Sollte die Faltenbildung auf das natürliche altersbedingte Absacken der Wangen zurückzuführen sein, könnte das Problem mit Füllmaterial behoben werden. Sogenannte Filler werden in die Hautschichten gespritzt. Sollte es sich um sehr ausgeprägte Falten handeln, werden besonders dickflüssige Filler in die tiefen Hautschichten injiziert. Sind die Falten nur gering ausgeprägt, werden dünnflüssigere Präparate in die oberen Hautschichten gespritzt. Auch diese Behandlung gilt als relativ ungefährlich. Für das Einsetzen der Filler wird lediglich die Haut betäubt. Nach der Behandlung sollte die Haut, die für eine Dauer von maximal 48 Stunden anschwillt, gekühlt werden. Die Kosten sind sehr unterschiedlich und bemessen sich meist nach der Menge der verwendeten Filler.
Die bekannteste, gleichzeitig auch die aufwändigste, Form der Gesichtsstraffung ist und bleibt das Facelifting. Je nach Wunsch des Patienten kann das Facelifting sehr unterschiedlich aussehen. Soll zum Beispiel die Stirn geglättet werden, würden die Augenbrauen angehoben und die Zornesfalten geglättet werden. Im Falle eines Wangenliftings geht es hingegen nicht nur um eine Entfernung der Falten.
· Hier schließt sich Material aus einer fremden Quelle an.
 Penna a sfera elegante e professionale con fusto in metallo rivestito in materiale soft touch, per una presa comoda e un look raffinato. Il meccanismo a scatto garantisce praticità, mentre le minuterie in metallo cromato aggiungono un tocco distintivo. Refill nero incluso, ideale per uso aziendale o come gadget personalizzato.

Das Fettgewebe, das vom Jochbein nach unten gerutscht ist, muss ebenfalls wieder an die richtige Position gebracht werden. Handelt es sich um eine Straffung des Halses, wird zudem auch überschüssiges Fett entfernt. Viele Patienten lassen bei einem Eingriff mehrere Gesichtspartien gleichzeitig behandeln. Die Kosten können je nach Behandlung und Chirurg unterschiedlich hoch ausfallen. Im Regelfall sind mit 5'000 bis 10'000 Franken zu rechnen. Die Behandlung wird unter Vollnarkose durchgeführt und fordert eine gründliche Nachbehandlung. Der Gesichtsverband wird nach zwei Tagen entfernt, die Fäden erst nach zehn Tagen. Die Schwellungen im Gesicht können bis zu drei Wochen anhalten. Erst dann wird man sich an dem neuen, jugendlichen Hautbild erfreuen können. Allerdings darf man sich keinen Illusionen hingeben: Nach acht bis zehn Jahren wird jeder von den Alterserscheinungen eingeholt, sodass neue Falten entstehen. Wer sich damit nicht abfinden möchte, kann ein erneutes Facelifting vornehmen lassen. Allerdings ist bei jedem chirurgischen Eingriff zu bedenken, dass sich Komplikationen nie zu 100 Prozent ausschliessen lassen.